If you're a multi-instrumentalist, you could perhaps choose to focus on visualising just one instrument for the day, or several instruments.
You could also choose to visualise notating music, it helps to have some kind of guide on what you will notate. You could plan "today, I will visualise quavers exploring the C major scale on the bass clef in 4/4 timing, and I will imagine that I can hear the notes that I choose in my mind".

Even your goals and career can benefit from visualisation exercises. Your next performance or music lesson will go along so much smoother if you can visualise and imagine it being fun, engaging, and going smoothly. Try to keep an open mind.
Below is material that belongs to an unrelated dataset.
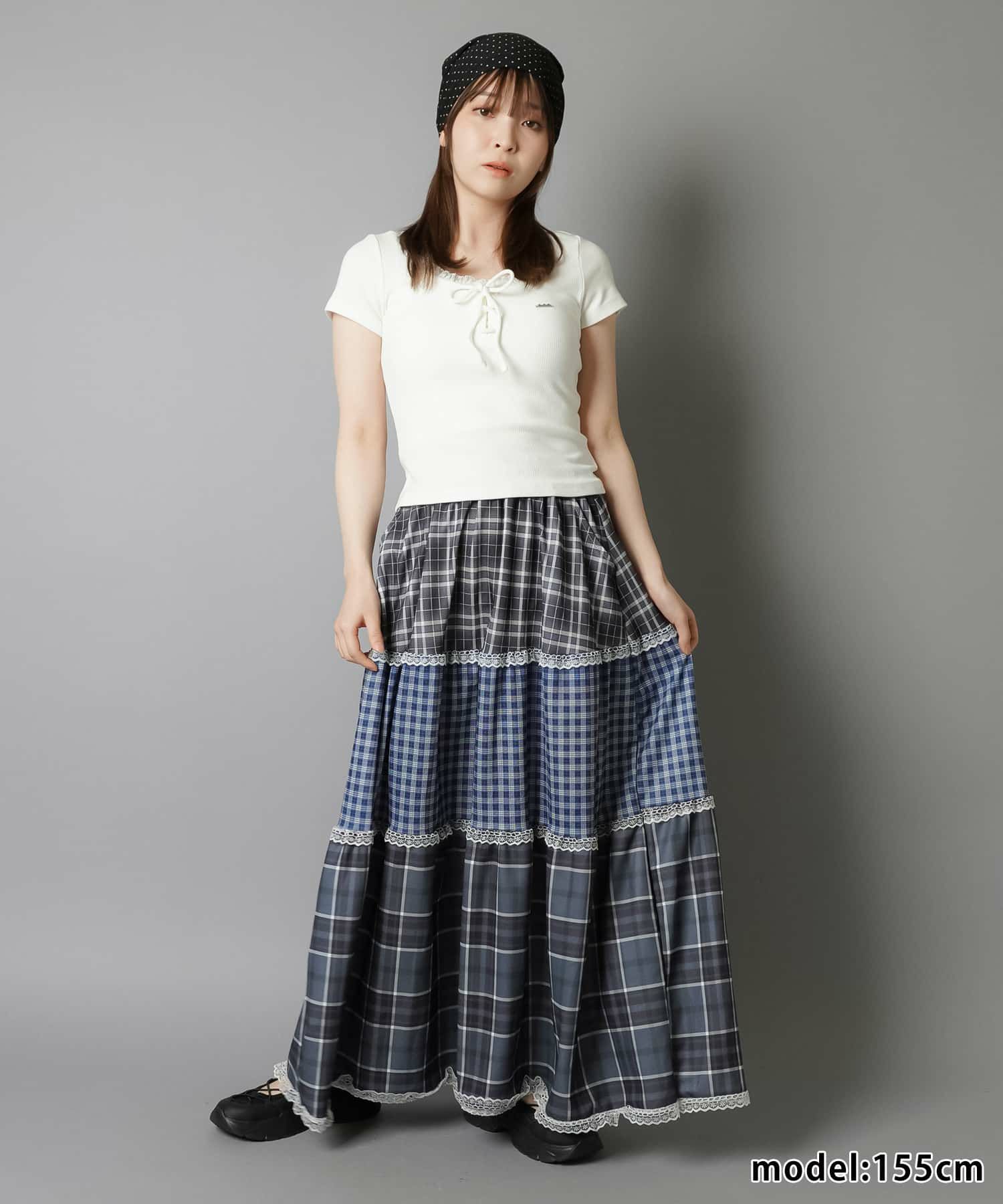 【レトロな雰囲気が可愛い!ツギハギチェックロングスカート】

Positive affirmations are great to combat potential errors in our self image and impostor syndrome. Simply reminding yourself positive (but true) statements like "I have been practicing regularly, I am improving, and my goals are being achieved" is a great trick to wire your brain into being more motivated and less worried about poor performance.
Be positive, but be realistic. Nobody likes somebody who affirms they can achieve anything without putting in the practice.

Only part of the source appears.